For -cmin N and -ctime N, any attribute change will cause a match, including a change in permissions, reading or writing to the file. This makes these parameters especially powerful, since practically any operation involving the file will trigger a match.

The following example would match any file in the current directory which has been modified less than 24 hours ago and is bigger than 100 MiB:

$ find . -mtime -1 -size +100M

Using `locate` and `updatedb`

locate and updatedb are commands that can be used to quickly find a file matching a given pattern on a Linux system. But unlike find, locate will not search the filesystem for the pattern: instead, it looks it up on a database built by running the updatedb command. This gives you very quick results, but they may be imprecise depending on when the database was last updated.

The simplest way to use locate is to just give it a pattern to search for. For example, to find every JPEG image on your system, you would use locate jpg. The list of results can be quite lengthy, but should look like this:

$ locate jpg
/home/carol/Downloads/Expert.jpg
/home/carol/Downloads/Hotbit.jpg
/home/carol/Downloads/Mate1.jpg
/home/carol/Downloads/Mate2.jpg
/home/carol/Downloads/Mate3.jpg
/home/carol/Downloads/Pentaro.jpg
/home/carol/Downloads/Sala.jpg
/home/carol/Downloads/pixel_3a_seethrough_1.jpg
/home/carol/Downloads/jpg_specs.doc

When asked for the jpg pattern, locate will show anything that contains this pattern, no matter what comes before or after it. You can see an example of this in the file jpg_specs.doc in the listing above: it contains the pattern, but the extension is not jpg.

Tip	Remember that with `locate` you are matching patterns, not file extensions.
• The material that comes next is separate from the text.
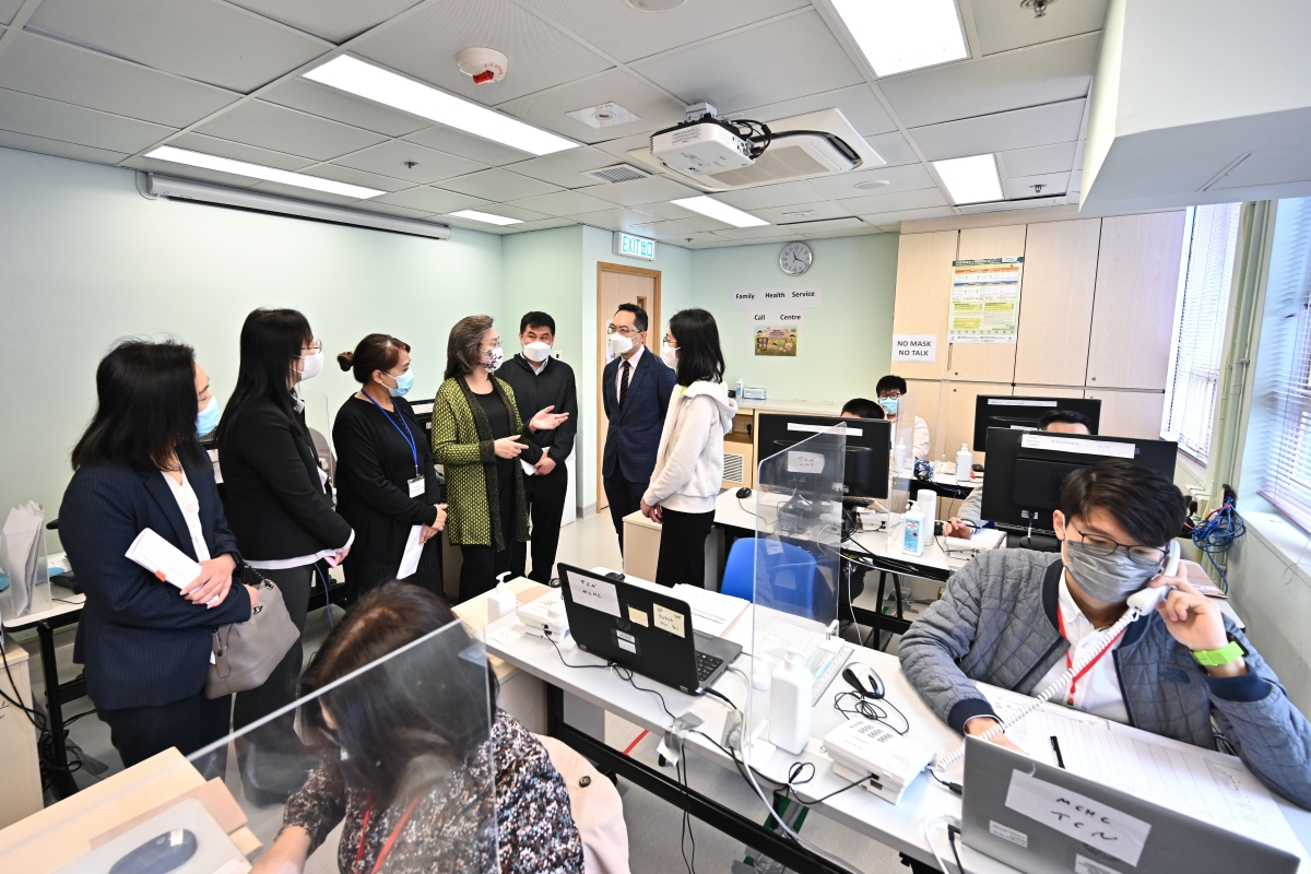香港新聞網2月8日電 香港特區政府公務員事務局局長楊何蓓茵今日(2月8日)到衞生署設於鄧志昂母嬰健康院的熱線中心視察,了解該署人員致電聯絡使用母嬰健康院服務的幼童的家長,主動向他們講解接種新冠疫苗的重要性,並為他們安排預約到母嬰健康院接種疫苗。

By default the pattern is case sensitive. This means that files containing .JPG would not be shown since the pattern is in lowercase. To avoid this, pass the -i parameter to locate. Repeating our previous example:

$ locate -i .jpg
/home/carol/Downloads/Expert.jpg
/home/carol/Downloads/Hotbit.jpg
/home/carol/Downloads/Mate1.jpg
/home/carol/Downloads/Mate1_old.JPG
/home/carol/Downloads/Mate2.jpg
/home/carol/Downloads/Mate3.jpg
/home/carol/Downloads/Pentaro.jpg
/home/carol/Downloads/Sala.jpg
/home/carol/Downloads/pixel_3a_seethrough_1.jpg

Notice that the file Mate1_old.JPG, in bold above, was not present in the previous listing.

You can pass multiple patterns to locate, just separate them with spaces. The example below would do a case-insensitive search for any files matching the zip and jpg patterns:

$ locate -i zip jpg
/home/carol/Downloads/Expert.jpg
/home/carol/Downloads/Hotbit.jpg
/home/carol/Downloads/Mate1.jpg
/home/carol/Downloads/Mate1_old.JPG
/home/carol/Downloads/Mate2.jpg
/home/carol/Downloads/Mate3.jpg
/home/carol/Downloads/OPENMSXPIHAT.zip
/home/carol/Downloads/Pentaro.jpg
/home/carol/Downloads/Sala.jpg
/home/carol/Downloads/gbs-control-master.zip
/home/carol/Downloads/lineage-16.0-20190711-MOD-quark.zip
/home/carol/Downloads/pixel_3a_seethrough_1.jpg
/home/carol/Downloads/jpg_specs.doc

When using multiple patterns, you can request locate to show only files that match all of them. This is done with the -A option. The following example would show any file matching the .jpg and the .zip patterns:

$ locate -A .jpg .zip
/home/carol/Downloads/Pentaro.jpg.zip

If you wish to count the number of files that match a given pattern instead of showing their full path you can use the -c option. For example, to count the number of .jpg files on a system:

$ locate -c .jpg
1174

One problem with locate is that it only shows entries present in the database generated by updatedb (located in /var/lib/mlocate.db). If the database is outdated, the output could show files that have been deleted since the last time it was updated. One way to avoid this is to add the -e parameter, which will make it check to see if the file still exists before showing it on the output.

Of course, this will not solve the problem of files created after the last database update not showing up. For this you will have to update the database with the command updatedb. How long this will take will depend on the amount of files of your disk.

Controlling the Behavior of `updatedb`

The behavior of updatedb can be controlled by the file /etc/updatedb.conf. This is a text file where each line controls one variable. Blank likes are ignored and lines that start with the # character are treated as comments.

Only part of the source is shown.